Anzac Day will begin in the UK with a Dawn Service at 5am local time (1400 AEST) at the New Zealand War Memorial on Hyde Park Corner.
At 11am, a requiem will be read at the Whitehall Cenotaph followed by a wreath-laying ceremony attended by Australian High Commissioner George Brandis, his New Zealand counterpart Sir Jerry Mateparae and British government representatives.
The Westminster Abbey service will follow at noon.
Commemorations will also occur in Bath, Cambridge, Hull, Norwich, Peterborough, Staffordshire, Manchester, Edinburgh and the Channel Island of Jersey to mark the anniversary of Britain's disastrous Gallipoli Campaign, where 60,000 Australian and 16,000 NZ troops first saw major action in the First World War.
At Gallipoli in Turkey, where 11,430 Anzacs were killed and 24,193 injured between 1915-1916, crowds of up to 1500 people are expected to attend a Dawn Service.

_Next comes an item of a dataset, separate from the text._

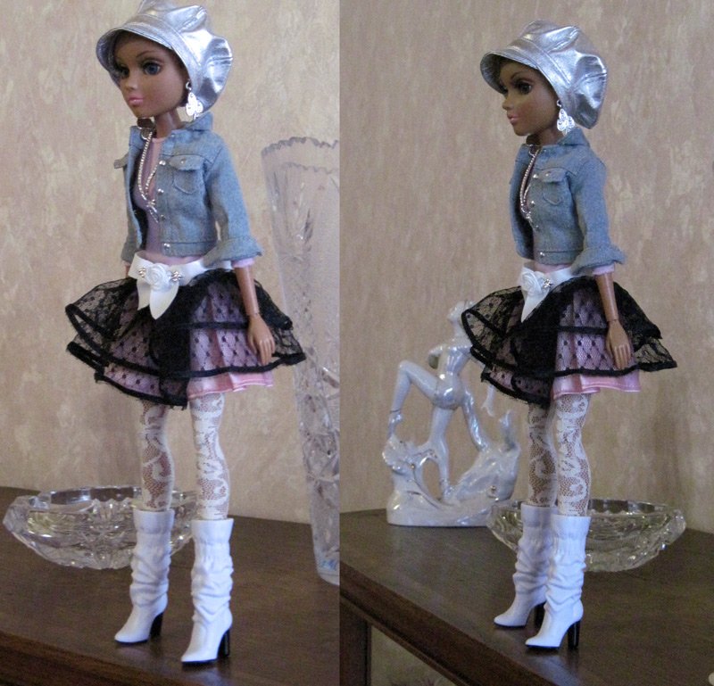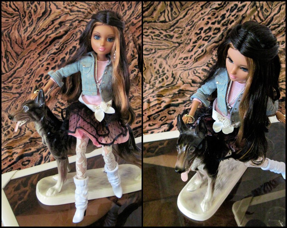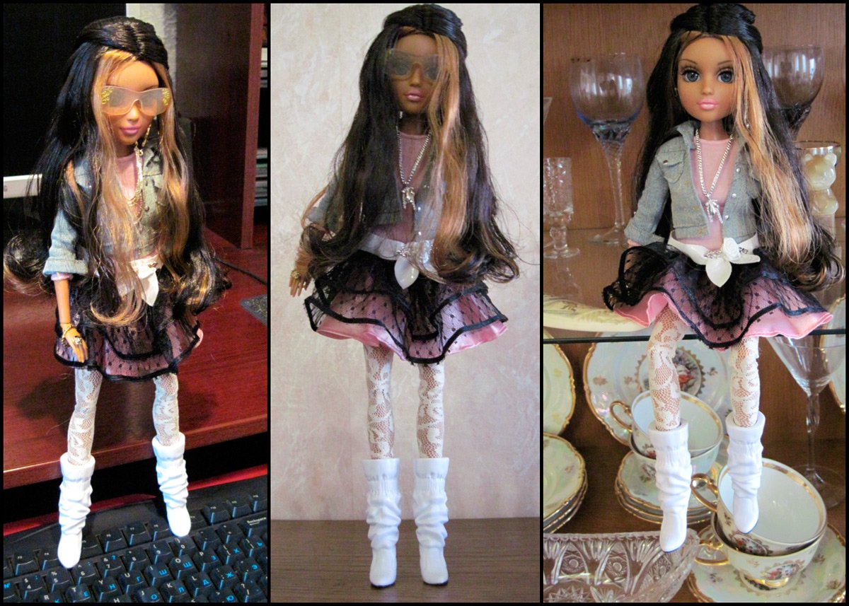 Il n'y a pas non plus de problème pour habiller notre beauté, les vêtements s'habillent facilement et épousent la silhouette. Le seul inconvénient au niveau des vêtements est qu'il y a peu d'ensembles en vente. En plus du petit choix de vêtements, il y a un autre inconvénient - les perruques ne tiennent pas très fermement et, si la poupée est transplantée, réarrangée, elles peuvent s'affaisser. Mais à mon avis, ce sont des bagatelles, et toute artisane trouvera plusieurs solutions à ce problème. Il existe des solutions toutes faites sur les forums de poupées, ou vous pouvez trouver la vôtre. Je réfléchis encore, mais dans un avenir proche, nous trouverons un moyen de sécuriser au mieux les perruques. Perruque de remplacement quand même, bien mieux Cheveu cousu à la tête de la poupée. Il y a beaucoup plus d'opportunités pour changer l'image, et changer de vêtements est beaucoup plus facile. Et si vous avez le temps et l'envie, vous pouvez créer votre propre perruque, modeler des coiffures, décorer Moxie de fleurs et tisser des rubans dorés.
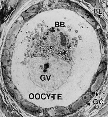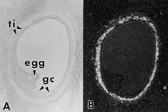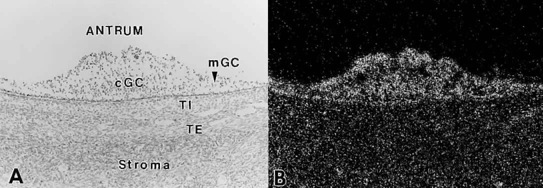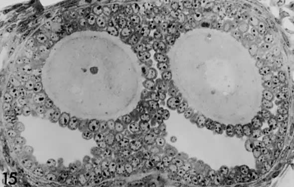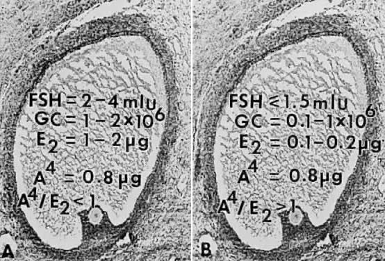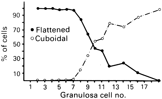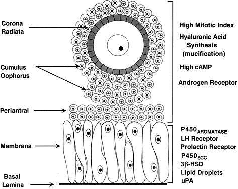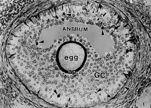 The theca interna is composed of differentiated TICs located within a matrix of loose connective tissue and blood vessels (Fig. 19). In all graafian follicle, LH is a key regulatory hormone for TIC function, and its importance in regulating TIC androgen production in vivo and in vitro has been established.27 Beginning at the very early stages of graafian follicle development, the TICs express their differentiated state as androgen (i.e. androstenedione-producing cells).27 The theca interna is richly vascularized and serves to deliver hormones (e.g. FSH, LH), nutrient molecules, vitamins, and cofactors required for the growth and differentiation of the oocyte and granulosa cells. We know little about the regulatory elements that control the theca vasculature. A functional link between the vasculature and graafian follicle development is suggested by the evidence43 that all monkey graafian follicles express high levels of FSH and LH receptor regardless of size, but when 125I-human chorionic gonadotropin (hCG) is injected systemically, only the dominant graafian follicle appears capable of accumulating 125I-hCG in the theca interna. These results suggest that the dominant graafian follicle expresses increased vascularization, which plays an important role in its selected maturation. In this regard, follicle-derived vascular endothelial growth factor44,45 and other angiogenic factors such as endothelin46 are being intensively investigated. The theca compartments (i.e. theca externa and interna) express their differentiated functions at the beginning of graafian follicle development (at cavitation) and appear to constitutively express a mature phenotype throughout the life and death of the graafian follicle. In a broad sense, there is little or no evidence that major changes occur in the theca layers during the various stages of graafian follicle development beyond those related to vascular and proliferative activities. This could imply that it is the granulosa cells (and perhaps the oocyte) that are variable and therefore responsible for graafian follicle diversity. In the graafian follicle, the granulosa cells and oocyte exist as a mass of precisely shaped and precisely positioned cells (Fig. 18). The spatial variation creates at least four different granulosa cell layers or domains: the outermost domain is the membrana granulosa, the inner most domain is the periantral, the intermediate domain is the cumulus oophorus, and the domain juxtaposed to the oocyte is the corona radiata (Fig. 20). A characteristic histologic property of the membrana domain is that it is composed of a pseudostratified epithelium of tall columnar granulosa cells, all of which are anchored to the basal lamina. The differentiation of a granulosa cell can be traced to its position within the cellular mass (Fig. 20). For example, cells in the membrana domain stop proliferating before those in central domain.47,48 The ability of the granulosa cells in the inner domains to continue dividing throughout graafian follicle development suggests they may be precursor cells. The cessation of mitosis in the membrana domain is characterized by the progressive expression of overt differentiation in which they assume the functional phenotype of fully differentiated cells. This process requires the temporal and coordinate expression of genes that form the basis of granulosa cytodifferentiation. The mechanisms by which this occurs involves ligand-dependent signaling pathways that are coupled to the activation and inhibition of specific genes. For example, normal differentiation of the membrana granulosa cells requires the activation of specific genes, including those for cytochrome P450 aromatase (P450arom)49 and the LH receptor,50 and the inhibition of structural genes in the apoptotic pathway. In contrast, the granulosa cells in the periantral, cumulus, and corona radiata domains proliferate, but they fail to express the genes that are involved in a terminal differentiation (Fig. 20). What controls granulosa heterogeneity? All the granulosa cells in the healthy graafian follicle express FSH receptor,13,51,52 and it has been shown that murine granulosa cells in the membrana and cumulus domains produce cAMP in response to FSH stimulation.53 These observations argue that post cAMP regulatory events are involved in the aspects of granulosa heterogeneity. The idea that the oocyte plays a key role in causing the different patterns of granulosa cytodifferentiation during graafian follicle development is supported by studies in rodents.54 A dialogue takes place between the oocyte and granulosa cells that has a great impact on folliculogenesis. In developing murine graafian follicles, the differential pattern of proliferation and differentiation between the granulosa in the membrana and cumulus domains are under the control of secreted oocyte morphogens.54 A novel TGF-β family member, GDF-9, was discovered in the mouse.24,25 Definitive evidence that GDF-9 is obligatory for folliculogenesis came from studies of GDF-9-deficient mice.26 In these animals, the absence of GDF-9 resulted in the arrest of follicle growth and development at primary stage and the females are infertile. These data support the idea that GDF-9 secreted by the egg is obligatory for graafian follicle development, granulosa cytodifferentiation and proliferation, and female fertility. The clinical relevance of this new concept is demonstrated by the presence of GDF-9 mRNA in the human ovary.25 The current challenges are to elucidate the mechanisms controlling GDF-9 expression and to identify the target cells for GDF-9 and the biologic processes that GDF-9 regulates. The concept that oocyte-derived growth factors control folliculogenesis and fertility could have important implications for human physiology and pathophysiology. Classification. All graafian follicles can be divided broadly into two groups: healthy and atretic (Fig. 21). The main difference between these two gro

Later, there will be an Australian commemoration at the Lone Pine Memorial and a NZ commemoration at Chunuk Bair Memorial.
However, all Turkish nationals except dignitaries have reportedly been banned from this year's services as a security precaution amid fears of terror attacks.
The Australian reports visitor numbers were actually set to be higher before Turkish President Recep Tayyip Erdogan's threats to visitors during an election campaign speech following the Christchurch terror attack.
"Your grandfathers came and saw that we're here. Then some of them walked back, while others left in coffins," Erdogan, referring to the Anzacs, told Andolu Agency.
"If you come with the same intention, we'll be waiting for you."
The comments sparked diplomatic rows with Australia and New Zealand, where the comments caused great offence, but relations have since improved.
In France, there will be a Dawn Service at the Australian War Memorial at Villers-Bretonneux, where Australian troops helped recapture the French village from the Germans on April 25, 1918.
In Belgium, there will be another Dawn Service at Polygon Wood followed by a wreath-laying ceremony at nearby Tyne Cot Cemetery, the largest Commonwealth war cemetery in the world.
An Anzac Service and Last Post ceremony will be held at the Menin Gate at Ypres at 11.10am (1910 AEST) before another wreath-laying ceremony at the Belgium War Memorial in the same town.
At 3.15pm there will be a final commemoration service at the Toronto Avenue Cemetery near Ypres.
Other Anzac Day services are also set for Copenhagen in Denmark, Oslo in Norway and Dublin in Ireland.